Jack took the glass from Poldy and drained it. He wiped his mouth with his forearm and gave the glass back to Poldy while stuffing the summer sausage sandwich in his rucksack. He unwrapped the wax paper around the egg salad sandwich and was about to take a bite when he stopped, mouth agape.

"Say, Mr. Poldy," Jack began. "Thanks all the same. Think I'll just eat this outside. Don't wanna cause a mess in here being so clean and all."

"Ho ho! Poldy said, his eyes crinkling.“No need to worry ‘bout that, gyspy boy. No one here right now will ever care about a few breadcrumbs, believe me. But, if you gotta get, use the front door. Where you headed, anyway?"
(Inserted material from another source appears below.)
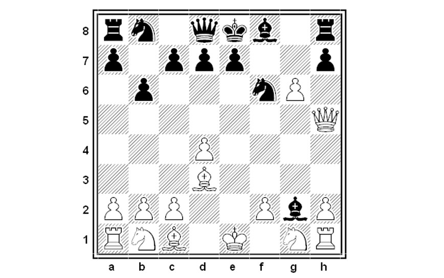 1.e4 b6 2.d4 Ab7 3.Ad3 f5 4.exf5 Axg2 5.Dh5+ g6 6.fxg6 Cf6 ed ora il bianco vince con un bel sacrificio di Donna

"Home," said Jack. "Mountain Grove. I was feeling mighty puny for a while there, Mr. Poldy, so thanks a million."

"Don't mind at all," Poldy said, taking Jack's arm and leading him down the hallway to the front door. Poldy opened the massive wooden double doors. The sun momentarily blinded Jack. After a few seconds Jack could make out the doors and he walked out into the sunshine."

"Mr. Bowman and the McDaniels will be coming back rightly soon, so it’s about time these doors be opened up. Now you have a safe trip, gyspy boy and take better care of yourself. Sooner or later we all wind up in a place like this, hee hee."

Poldy winked at him and stood on the porch, smiling down at him. Jack stepped down upon the sidewalk, feeling immensely better as he munched on the egg salad sandwich. He turned part way around and waved to Poldy standing on the front porch, watching him. Poldy waved back.

Jack continued eating his sandwich and carefully folded the wax paper and put it into his shirt pocket. As he did so, his fingers brushed against something inside the shirt pocket. Jack pulled it out. He fingered two bills folded with a paper clip, a twenty-dollar bill and a five-dollar bill pinned together. Jack laughed out loud, and quickened his steps.